The Beis Hamikdash was also called the “beis habechirah.” When a Jew, coming from a world where Hashem’s presence can sometimes be hard to discern, walked into its holy precincts and saw the Shechinah openly manifest, it restored balance to his bechirah, his spiritual freedom of choice.
And for the last decade of his life, Mendy Rosenberg’s home was such a place, a beis habechirah in miniature. It’s where one came to behold what it means for a human being to consciously, heroically choose to live. To choose to learn Torah all day long without ever holding a sefer or saying the words.
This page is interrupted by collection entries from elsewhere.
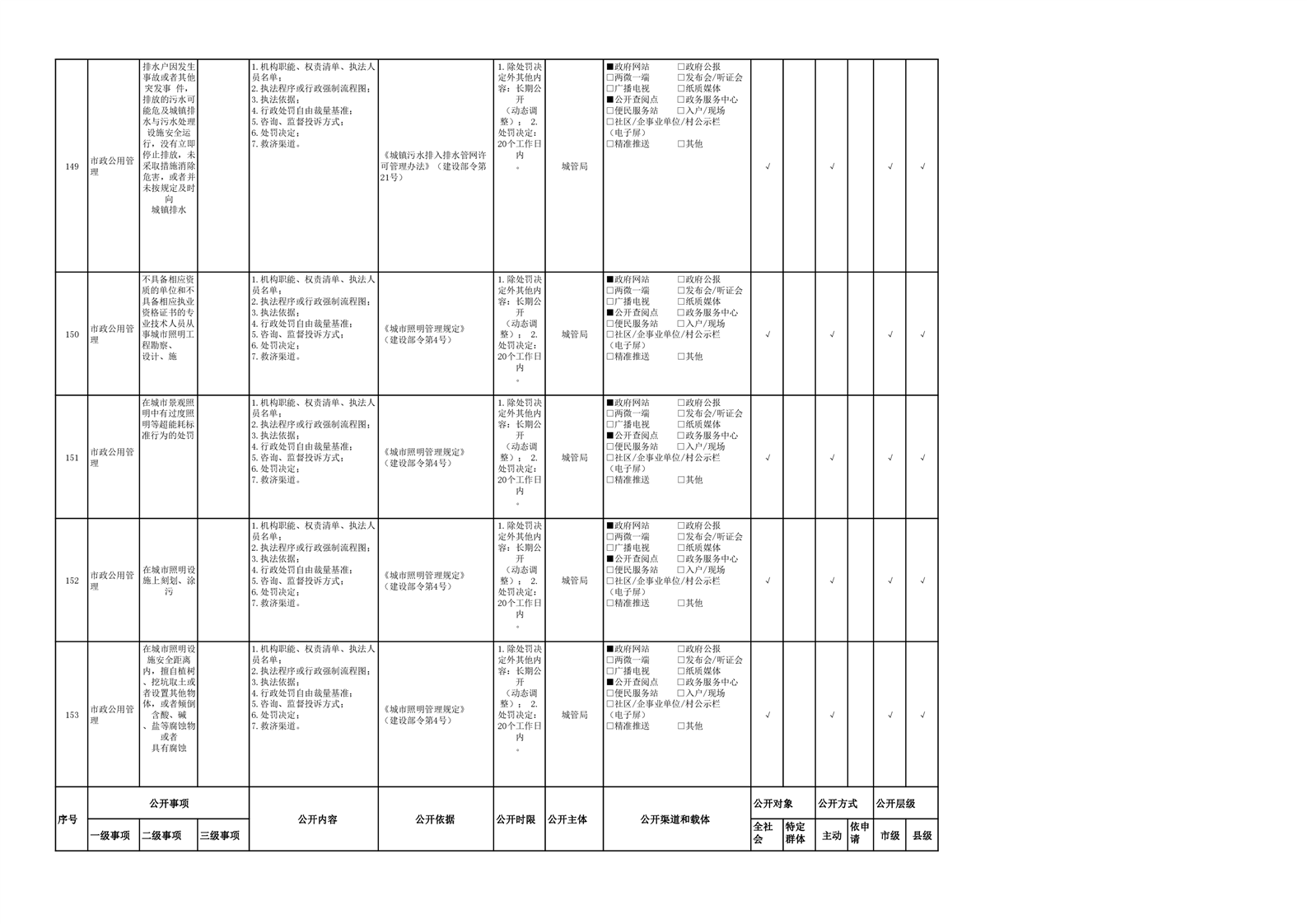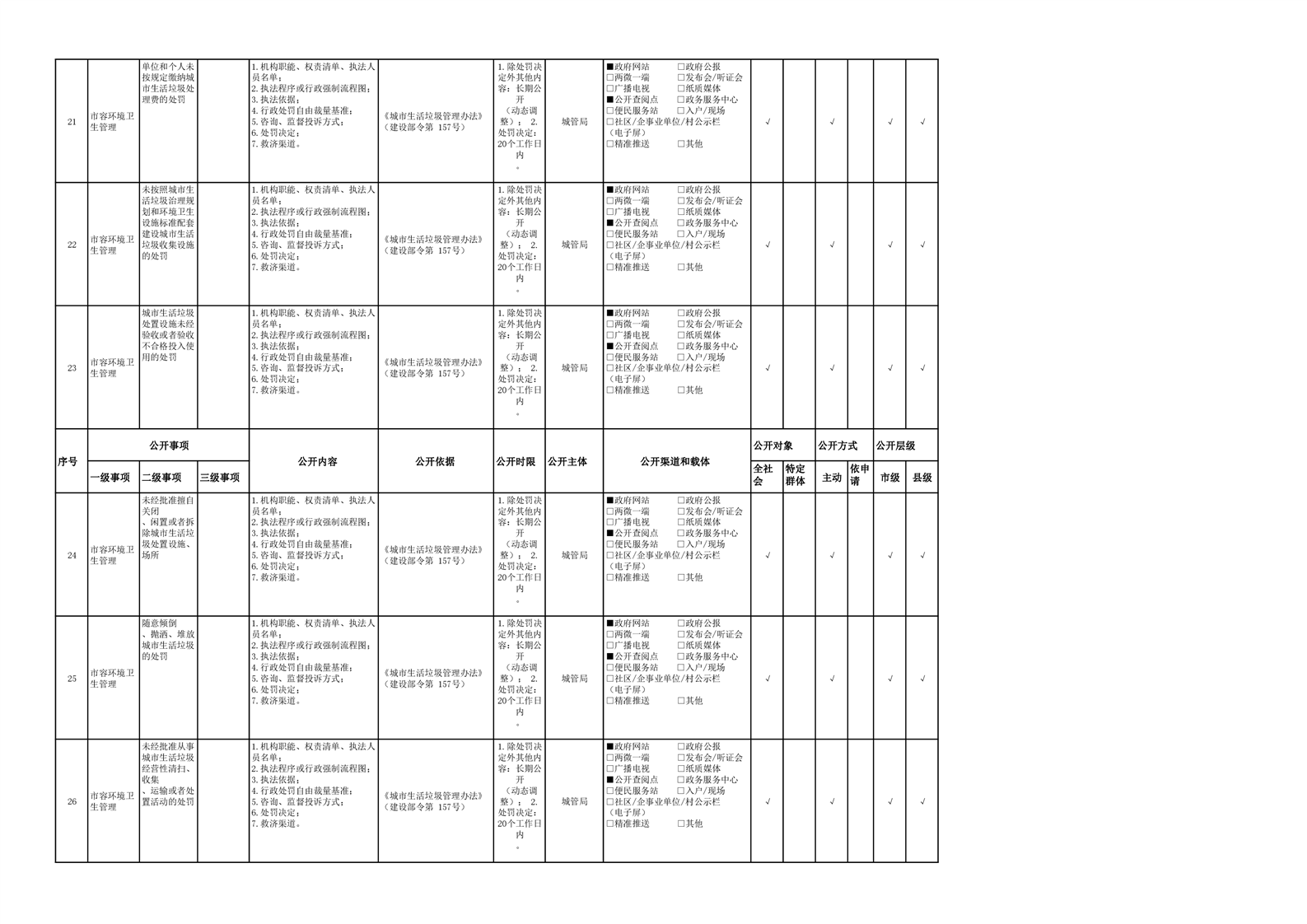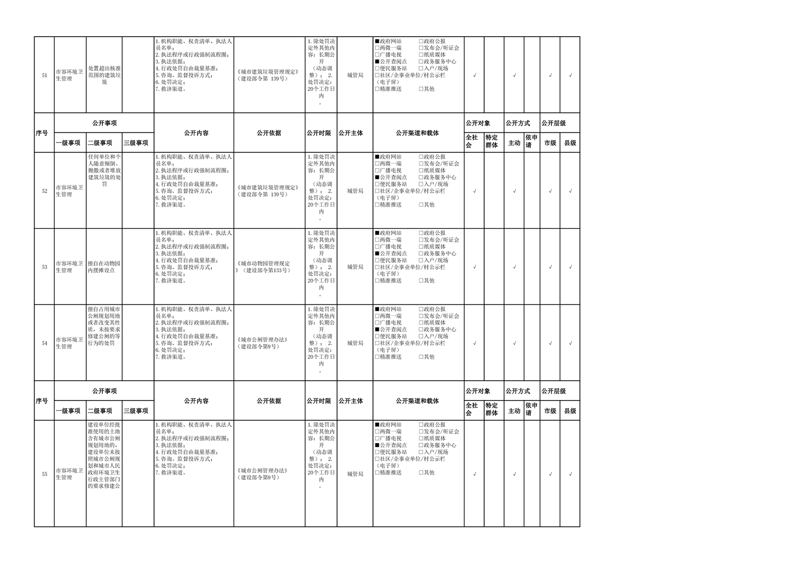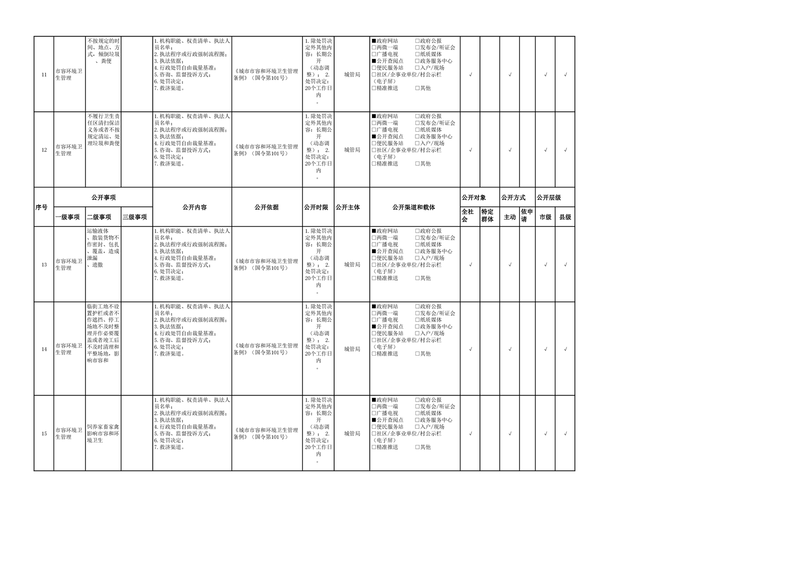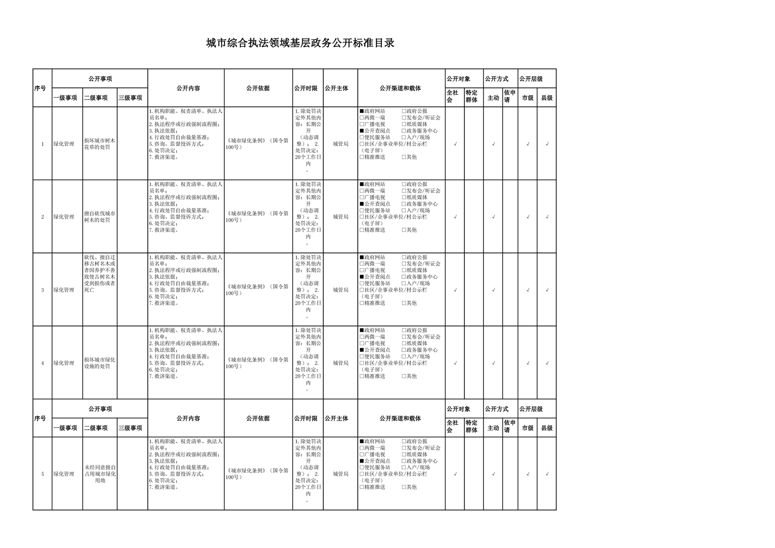 城市综合执法领域基层政务公开参考目录(2022年)
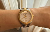 Наручные часы обладают классическим дизайном, за счёт чего аксессуар можно носить как с деловым костюмом на работу, так и с вечерним нарядом. Модель из нержавеющей стали имеет PVD-покрытиеPVDУльтратонкое покрытие наносится в технике вакуумного напыления, сочетает в себе нитрид титана особой прочности со слоем золота или оксида хрома. Несёт в себе декоративную или защитную функцию. в цвете жёлтого золота, что привносит в общее исполнение оттенок роскоши. Кварцевый швейцарский механизм ETA 955.412 с высокой точностью хода. Люминесцентная подсветкаЛюминесцентное покрытиеПозволяет считывать показания времени в темноте. Производители наносят на стрелки, часовые индексы, безель или поверхность циферблата светонакопительный состав, дающий холодное свечение.. Сапфировое стекло. . Календарь. Габариты: 36 x 36 x 9 мм.
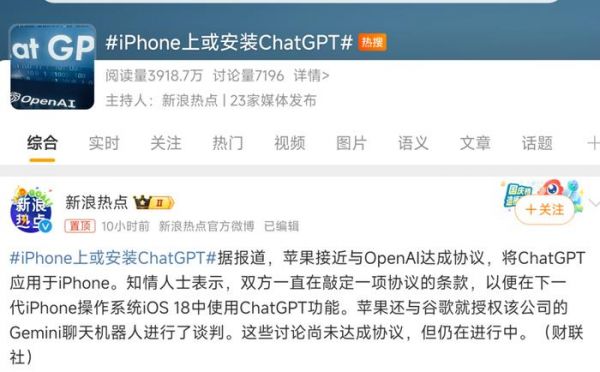 iPhone 上或安装 ChatGPT 今日冲上热搜,引发网友关注。
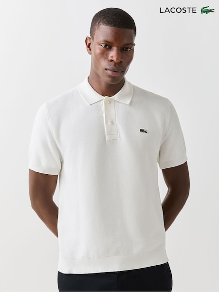 Lacoste White Fine Knit Moss Stitch Cotton Polo Collar Jumper
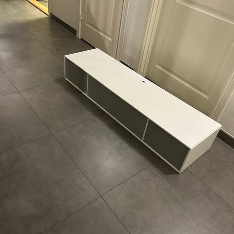 Perforerede klaplåger i lysegrå, så man kan have den lukket og stadig bruge sin fjernbetjening.

To bless Hashem, not just day by day, but hour by hour. For anyone fortunate enough to enter that space, it wasn’t simple to return to living life on autopilot.
There were Kohanim in that beis habechirah, too, a wife and children who served their husband and father with a dedication defying description. It was never that Mendy was their “project.” He was an integral part of the family, and they did everything they could to ensure that status. As Shloimy Berger observed, “When the aides were not up to par, it meant that Malky and her children would do what needed to be done. When you see young kids doing these things, suctioning out the lungs, you realize the unimaginable levels of devotion they had. That’s what enabled him to live so long.”
Dr. Reuven Cofsky, the Rosenbergs’ next-door neighbor and unofficial off-hours physician who kept a close monitor on Mendy’s meds and vitals, says that Malky “was Mendy’s nurse, nurse’s aide, and respiratory therapist all in one, doing everything for him yomam va’laylah, and she’s the one who really kept him going, especially during the last years. Yet her relationship with him was still one of unconditional respect, still consulting him when decisions had to be made.”
When Malky accompanied Mendy to the hospital for the last time, she took along the volume of Living Emunah she had been reading to him. It was Volume 6, and that Shabbos in the hospital she continued reading to him, completing Chapter 71 before putting the book aside.
During shivah, Malky says, “my son was having a hard time. So I said, ‘Let’s continue with the next chapter that I would have read to Tatty,’ and it was so appropriate. It was just what my son needed to hear, what we all needed to hear.”
Just like the story of Mendy Rosenberg.